Azure Policy: Known policies (e.g., disableLocalAuth, defaultOutboundAccess)? If unknown, what-if catches them in Step 4.
Monitoring: Existing Log Analytics workspace, create new, or not needed?
Validate Against Learn
After collecting all requirements, validate the user's configuration against current documentation. Use microsoft_docs_fetch on the relevant pages below, then microsoft_docs_search for any requirement-specific concerns not covered.
Reference Pages
| Topic | URL |
|---|---|
| Network isolation overview | https://learn.microsoft.com/azure/ai-foundry/how-to/configure-private-link |
| Agent Service private networking | https://learn.microsoft.com/azure/ai-services/agents/how-to/virtual-networks |
| Managed VNet configuration | https://learn.microsoft.com/azure/ai-foundry/how-to/configure-managed-network |
| Agent Service FAQ — VNet | https://learn.microsoft.com/azure/foundry/agents/faq#virtual-networking |
| Supported regions & availability | https://learn.microsoft.com/azure/ai-foundry/reference/region-support |
| NSP | https://learn.microsoft.com/en-us/azure/networking/network-security-perimeter |
| Feature Limitations | https://learn.microsoft.com/en-us/azure/foundry/how-to/configure-private-link#foundry-feature-limitations |
These URLs may change. If a fetch returns 404, use
microsoft_docs_searchto find the current page.

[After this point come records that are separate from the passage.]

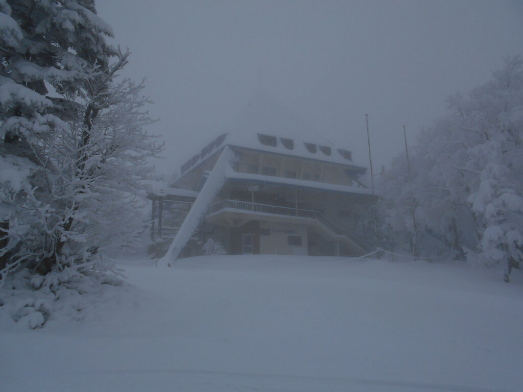 ル・ベール蔵王玄関前・朝7時・3度・雪・濃霧・眼下の蔵王温泉街雲の下・龍山、横倉山も雲の中で視界30m・昨夜酒ミュージアムで神戸から来たオーストリア輸入企業の幹部夫妻の説明でスパークリングワイン・白ワイン11種・赤ワイン3種・ホットワイン1種・グレープジュース1種の試飲会に参加して来ました!!!神戸から来たオーストリア人と奥様!!!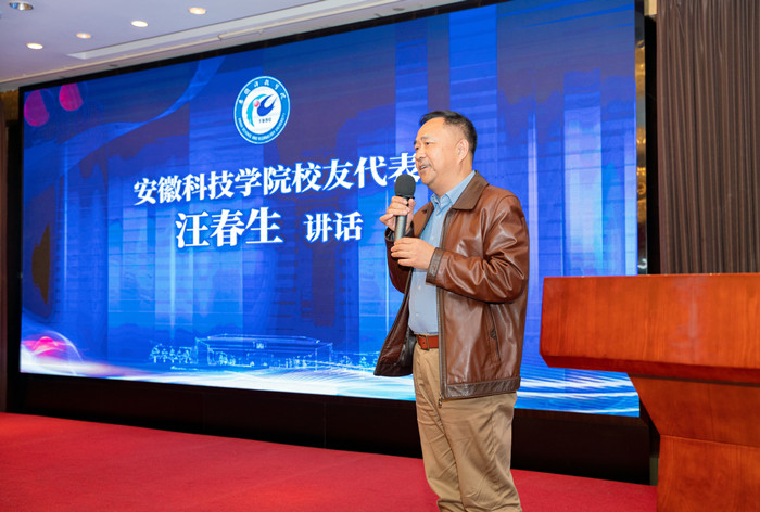 优秀校友代表汪春生分享了在安科的求学经历和几十年的职业发展,勉励校友以认真负责的态度不断学习,省身自律,砥砺奋发,同母校同行共进。合肥校友会负责人郭凯向母校和全体校友汇报了合肥校友会工作情况及2023年发展计划。甘斌杰、秦广泉、李连连、许胜胜四位校友分享了各自的创业历程和职业发展成就,四位校友分别毕业于母校不同的发展阶段,共同见证了母校的发展壮大;在不同的领域、不同的时代践行安科精神、贡献安科力量,共同彰显了安科校友的担当精神。
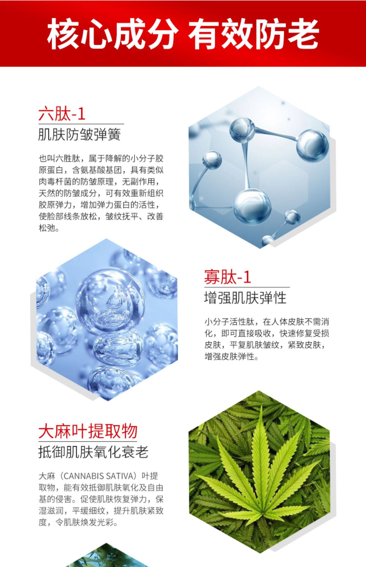 西毕帝六胜肽原液,留住时光,拒绝衰老!汉麻六胜肽,细腻肌肤纹理,抵御自由基侵害,增强弹性细腻度,抚平干纹细纹,改善松弛,提拉紧致,立体紧塑,年轻上扬【赠运费险】
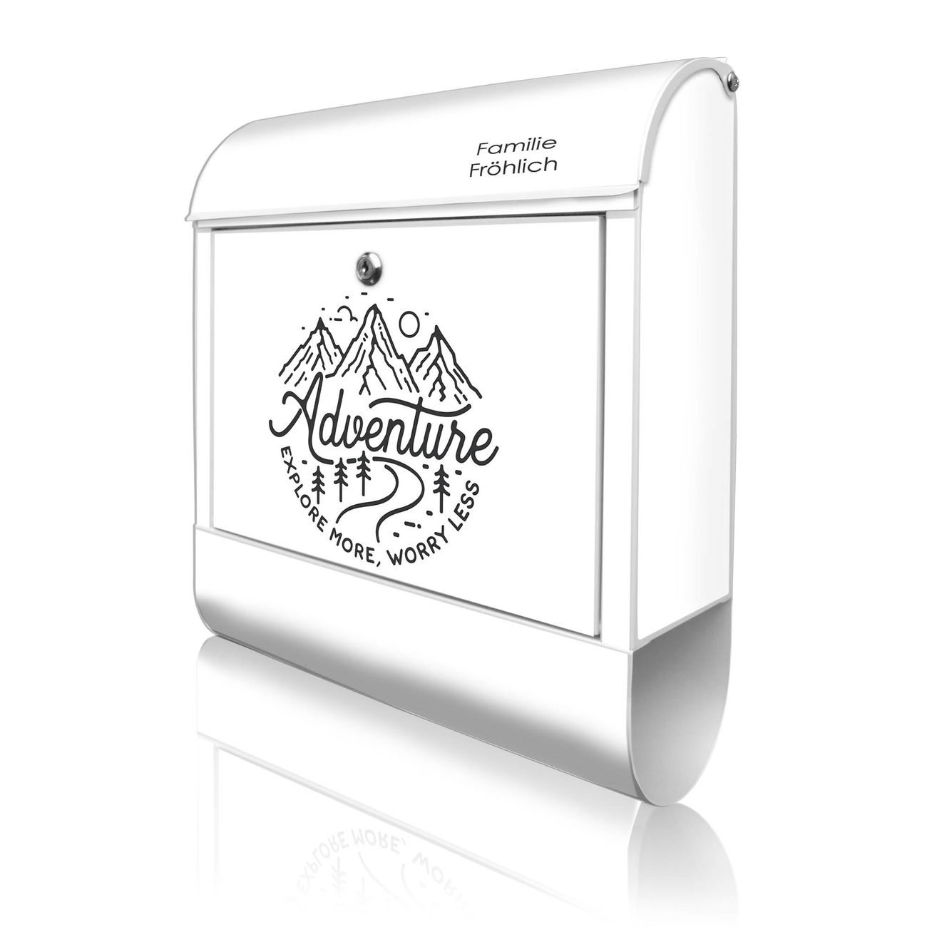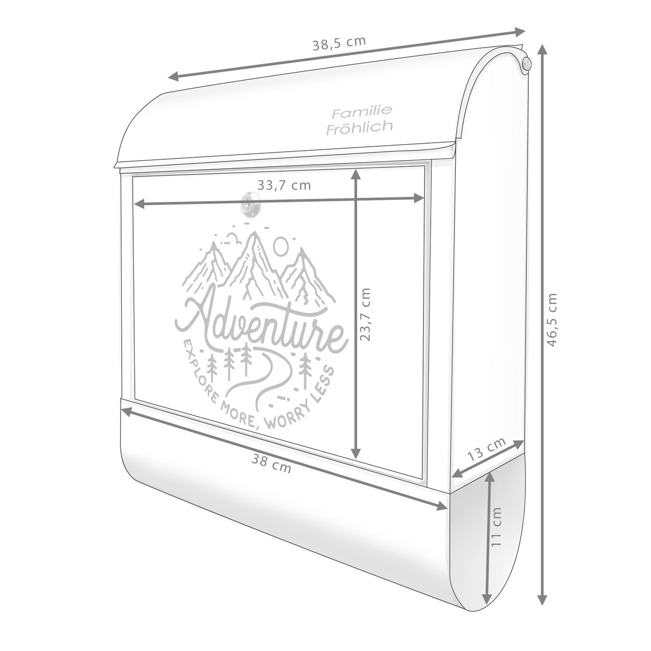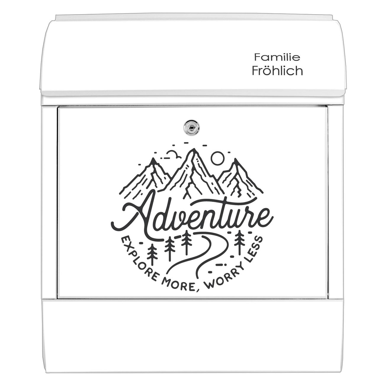 Großer Stahl Briefkasten Motiv Abenteuerliche Bergskizze mit Spruch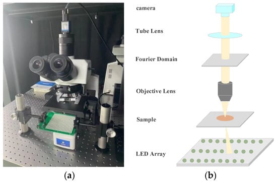 This experiment employs a simulated dataset encompassing 15,000 sets of high-resolution image data. Every set is composed of two images, one representing the intensity channel and the other the phase channel. The synthesized complex amplitude data from the two input channels are simulated using the Fourier imaging system. As part of the simulation process, Gaussian noise with a mean of 0 and a standard deviation of 3 × 10−4 is incorporated to emulate potential system error noise encountered in real-world imaging scenarios. These Gaussian noise-added data are regarded as low-resolution data pertinent to Fourier ptychographic imaging. A conventional Fourier ptychographic reconstruction algorithm, executed with a solitary iteration, is subsequently applied to combine these low-resolution data into low-resolution complex amplitudes. This produced 15,000 sets of low-resolution input data. Ultimately, the 15,000 sets of high-resolution image data were reserved to be used as the reference images for subsequent performance evaluation and comparative analysis. The architectural design of the Fourier ptychographic microscopy system is depicted in Figure 6.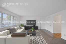 This charming 2-bed, 1-bath unit features a blend of hardwood and carpet floors throughout, complemented by ceiling fans for comfort. The modern kitchen offers granite countertops, hardwood cabinets, a full suite of appliances including a stove/oven, dishwasher, and refrigerator, along with elegant tile flooring.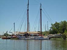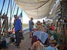Sun shades rigged over the ALMA’s deck; a warm afternoon anchored off Hog Island |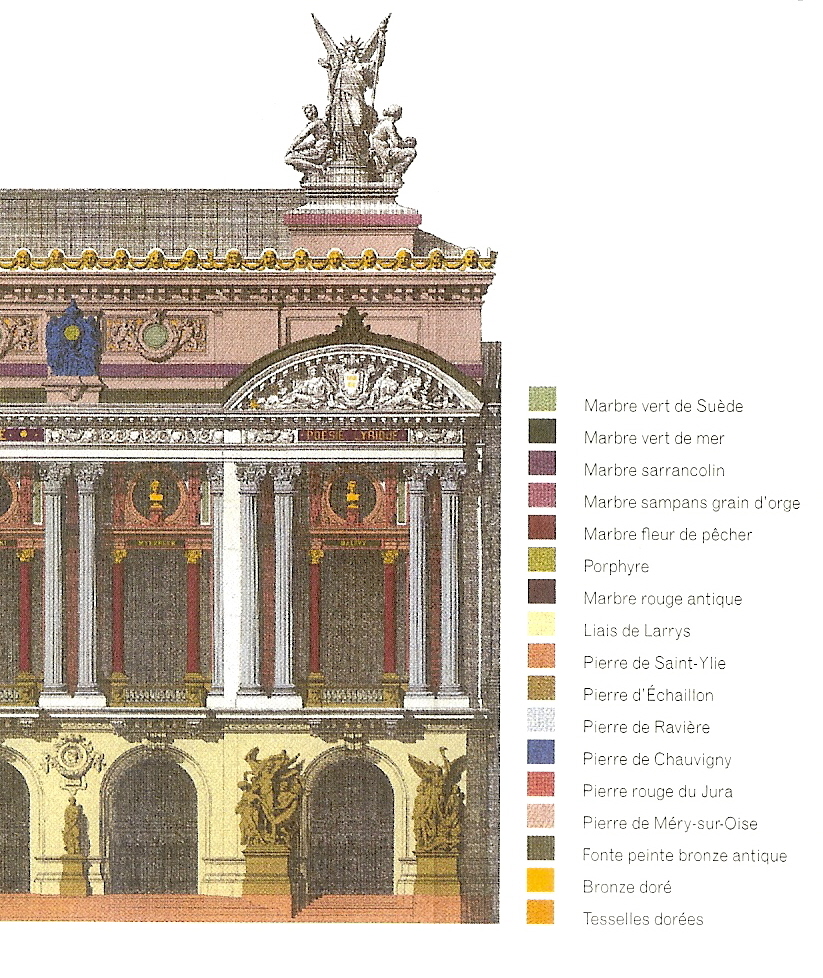 Of course, there is colour and colour. Some of it is fairly subtle. For example, there are at least 17 different building materials of different hues on the façade of the Opera (even before you consider the gold roof or the gilded mosaics), ranging from green Swedish marble to red stone from the Jura. Alain-Charles Perrot, the architect who supervised the restoration in the late 1990s, mapped them all so that replacements could be sourced from the original locations as much as possible.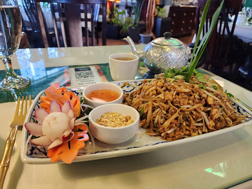 This place was recommended by my friend who is Thai, so I thought I would try it! As soon as you walk it, you are whisked away to some place magical! The atmosphere is amazing and so unique! I usually eat Pad Thai but it can be hit or miss at most places, usually a miss! The only thing I ordered was the Pad Thai without shrimp just as a personal preference. The plating was beautiful, even when I walked in and saw some others food, it looked beautifully plated. The service was great, they are authentically dressed as well. I was very happy, even the water was lemon flavored I believe, was all well done.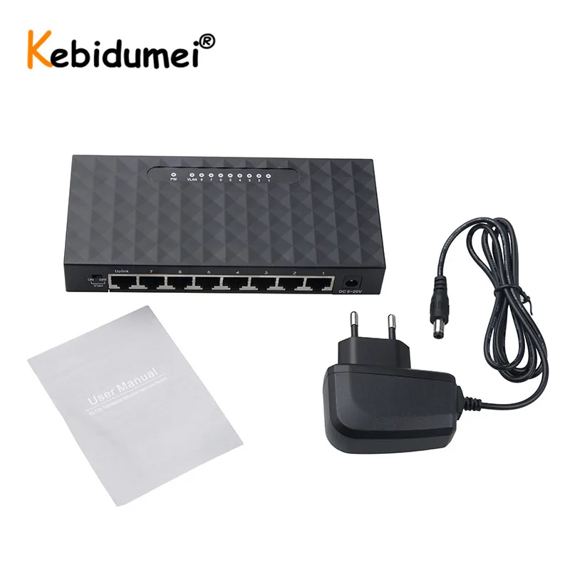 Сетевой коммутатор с 8 портами Gigabit, 100 Мбитс, сетевой коммутатор Gigabit Ethernet RJ45 Lan Hub, высокопроизводительный Ethernet, штепсельная вилка европейского стандарта

If a conflict is found, present:
- The constraint and its source URL
- Which requirement it affects
- Options to resolve
Do NOT proceed until all conflicts are resolved or accepted.
Confirmation
Present a summary of all gathered requirements. Ask: "Confirm this is accurate before I generate a deployment plan."
Do NOT proceed to Plan Generation until you validated requirements against documents and the user confirms.